**Problem to solve:**
Only those lines running from the start of the listing below through the line that holds "Glastrennwann fehlt noch, die" are to be written out, exactly and in full.

**Data shown:**
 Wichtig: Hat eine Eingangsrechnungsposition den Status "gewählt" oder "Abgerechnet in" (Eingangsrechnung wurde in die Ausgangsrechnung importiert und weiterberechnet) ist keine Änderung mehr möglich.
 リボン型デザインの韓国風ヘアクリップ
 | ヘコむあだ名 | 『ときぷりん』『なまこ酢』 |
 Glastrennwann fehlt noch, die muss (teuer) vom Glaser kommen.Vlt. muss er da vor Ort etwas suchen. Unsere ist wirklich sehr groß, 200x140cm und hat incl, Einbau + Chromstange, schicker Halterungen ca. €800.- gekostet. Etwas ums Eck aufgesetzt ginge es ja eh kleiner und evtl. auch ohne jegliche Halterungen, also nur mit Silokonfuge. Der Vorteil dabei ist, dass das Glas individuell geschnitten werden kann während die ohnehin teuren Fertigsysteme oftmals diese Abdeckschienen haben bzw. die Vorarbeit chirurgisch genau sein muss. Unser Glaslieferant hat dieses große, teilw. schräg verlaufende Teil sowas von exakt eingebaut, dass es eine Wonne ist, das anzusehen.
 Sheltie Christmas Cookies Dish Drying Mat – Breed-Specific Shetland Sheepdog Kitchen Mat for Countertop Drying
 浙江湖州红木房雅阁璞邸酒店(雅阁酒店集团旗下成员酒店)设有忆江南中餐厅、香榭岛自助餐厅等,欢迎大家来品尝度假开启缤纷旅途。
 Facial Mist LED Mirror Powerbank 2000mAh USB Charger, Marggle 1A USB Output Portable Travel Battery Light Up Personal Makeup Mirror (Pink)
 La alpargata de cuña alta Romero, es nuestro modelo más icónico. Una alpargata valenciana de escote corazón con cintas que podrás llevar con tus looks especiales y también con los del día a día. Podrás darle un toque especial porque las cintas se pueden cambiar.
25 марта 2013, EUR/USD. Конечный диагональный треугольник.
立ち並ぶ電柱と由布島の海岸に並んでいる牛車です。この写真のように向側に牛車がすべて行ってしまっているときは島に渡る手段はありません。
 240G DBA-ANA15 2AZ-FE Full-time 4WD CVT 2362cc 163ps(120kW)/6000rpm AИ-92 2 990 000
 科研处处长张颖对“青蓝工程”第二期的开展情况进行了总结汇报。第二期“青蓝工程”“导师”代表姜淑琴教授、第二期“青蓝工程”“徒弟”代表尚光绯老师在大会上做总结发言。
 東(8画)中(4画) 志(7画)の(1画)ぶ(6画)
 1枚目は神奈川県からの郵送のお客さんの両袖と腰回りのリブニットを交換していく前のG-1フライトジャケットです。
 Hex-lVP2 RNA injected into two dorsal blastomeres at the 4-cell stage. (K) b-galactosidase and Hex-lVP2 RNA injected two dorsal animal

**The answer:**
 Wichtig: Hat eine Eingangsrechnungsposition den Status "gewählt" oder "Abgerechnet in" (Eingangsrechnung wurde in die Ausgangsrechnung importiert und weiterberechnet) ist keine Änderung mehr möglich.
 リボン型デザインの韓国風ヘアクリップ
 | ヘコむあだ名 | 『ときぷりん』『なまこ酢』 |
 Glastrennwann fehlt noch, die muss (teuer) vom Glaser kommen.Vlt. muss er da vor Ort etwas suchen. Unsere ist wirklich sehr groß, 200x140cm und hat incl, Einbau + Chromstange, schicker Halterungen ca. €800.- gekostet. Etwas ums Eck aufgesetzt ginge es ja eh kleiner und evtl. auch ohne jegliche Halterungen, also nur mit Silokonfuge. Der Vorteil dabei ist, dass das Glas individuell geschnitten werden kann während die ohnehin teuren Fertigsysteme oftmals diese Abdeckschienen haben bzw. die Vorarbeit chirurgisch genau sein muss. Unser Glaslieferant hat dieses große, teilw. schräg verlaufende Teil sowas von exakt eingebaut, dass es eine Wonne ist, das anzusehen.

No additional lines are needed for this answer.